It’s no secret that our dependence on cheaply made and readily discarded plastics is causing myriad problems for marine life — and that the chemicals used in plastic production are also creating human health risks.
Less clear is the story of how we got here and, more important, what we can do to help mitigate the global plastic crisis.
The steps can be simple and direct, like reducing our own single-use plastic consumption. Or they can be broader, such as joining the growing low-waste and minimalist movements that challenge our convenience-based, disposable society and inspire us to be more intentional about what and how we consume — or don’t consume.
But consumers aren’t the only potential actors. Shifting toward healthier, more sustainable lifestyles and more just, circular economies also requires those sitting in positions of power, as well as businesses and manufacturers, to heed the urgent calls to action.
A Brief History of Plastics
From chewing gum to construction materials, plastic is a ubiquitous presence in our lives.
The plastic age began in the 1860s, when John Wesley Hyatt invented the first breakthrough synthetic polymer as a substitute for ivory, which was used in everything from combs to piano keys. In 1907, Belgian chemist Leo Hendrik Baekeland created the first fully synthetic, commercially successful plastic to replace shellac (which is a moldable resin made from insects with waxy shells).
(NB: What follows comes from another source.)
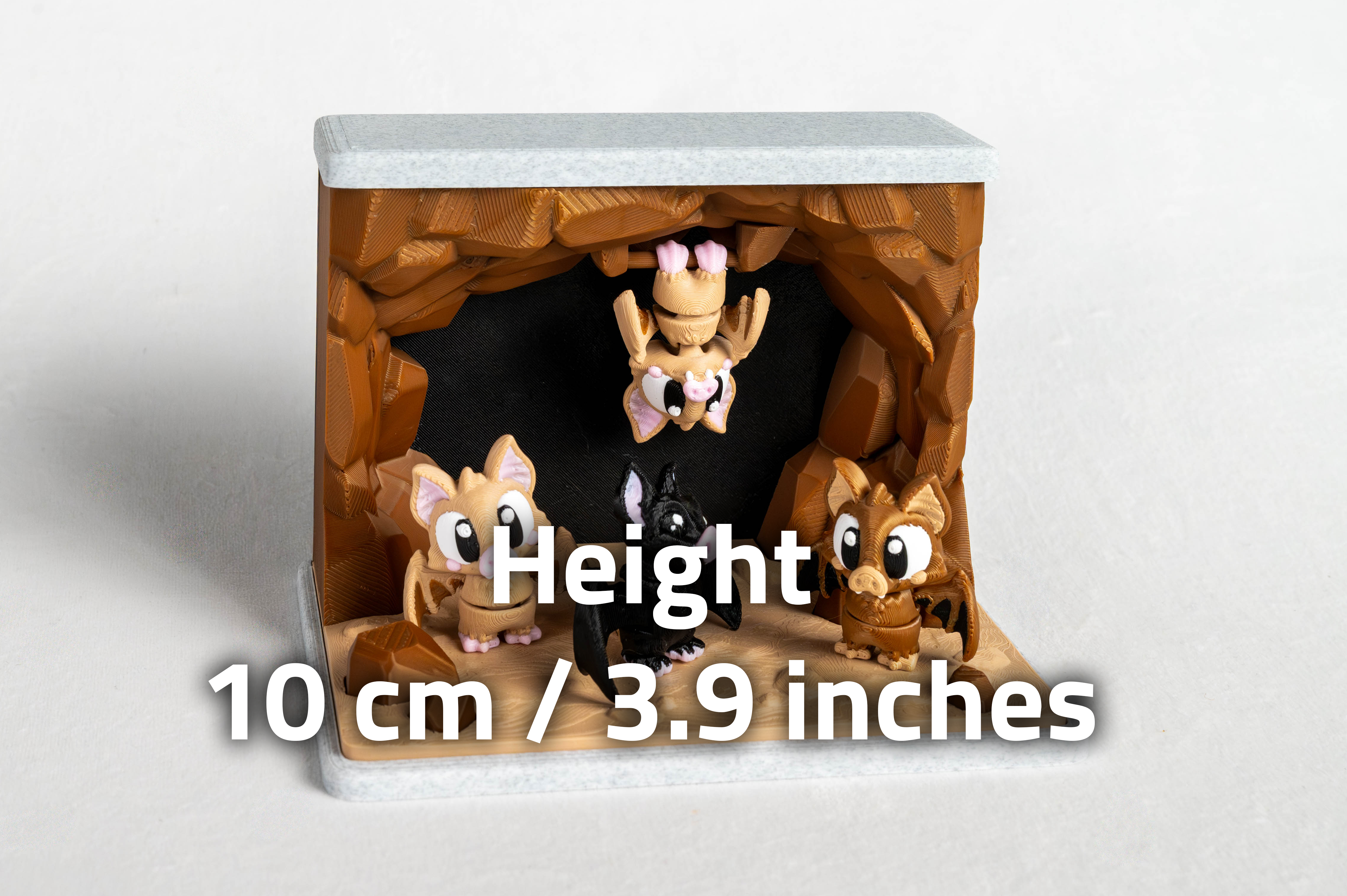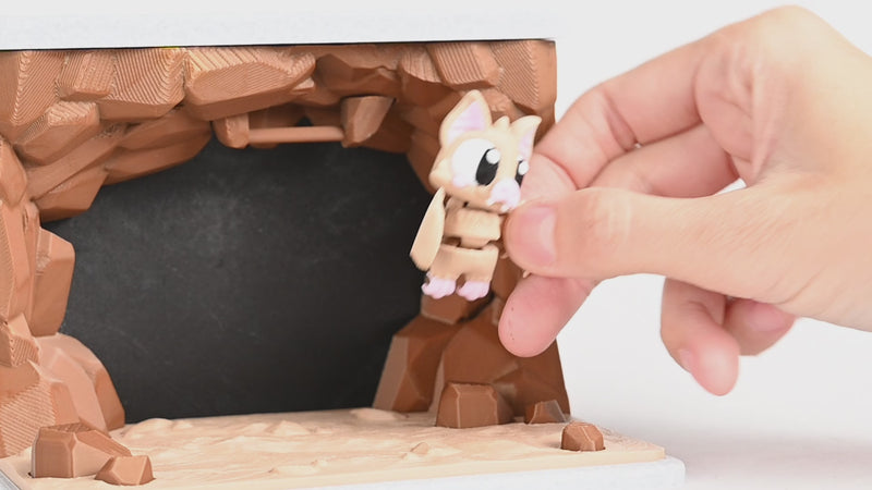 Discover the 3D Printed Bat Cave with 4 Fiddly Bats, a collectible set that’s both playful and spine-tinglingly cute! Each bat features movable wings and joints, perfect for fidgeting or displaying. The cave arrives ready to go, and one special bat can be clipped underneath to hang upside-down and gently wiggle, bringing the scene to life. Create your own miniature bat colony on your desk or shelf!

The need to preserve natural resources during World War II sparked the first major expansion of the industry, but the biggest plastic boom began two decades later — a twentyfold increase in production between 1964 and 2014. In 2014, manufacturers produced 311 million tons, a number projected to double by 2034 and almost quadruple by 2050.
About 6 percent of global oil supplies are used to make plastics, a number that is expected to grow to 20 percent within 30 years. By some estimates, the oil and gas industry has invested more than $180 billion in new facilities since 2010 to produce the raw materials for plastic packaging.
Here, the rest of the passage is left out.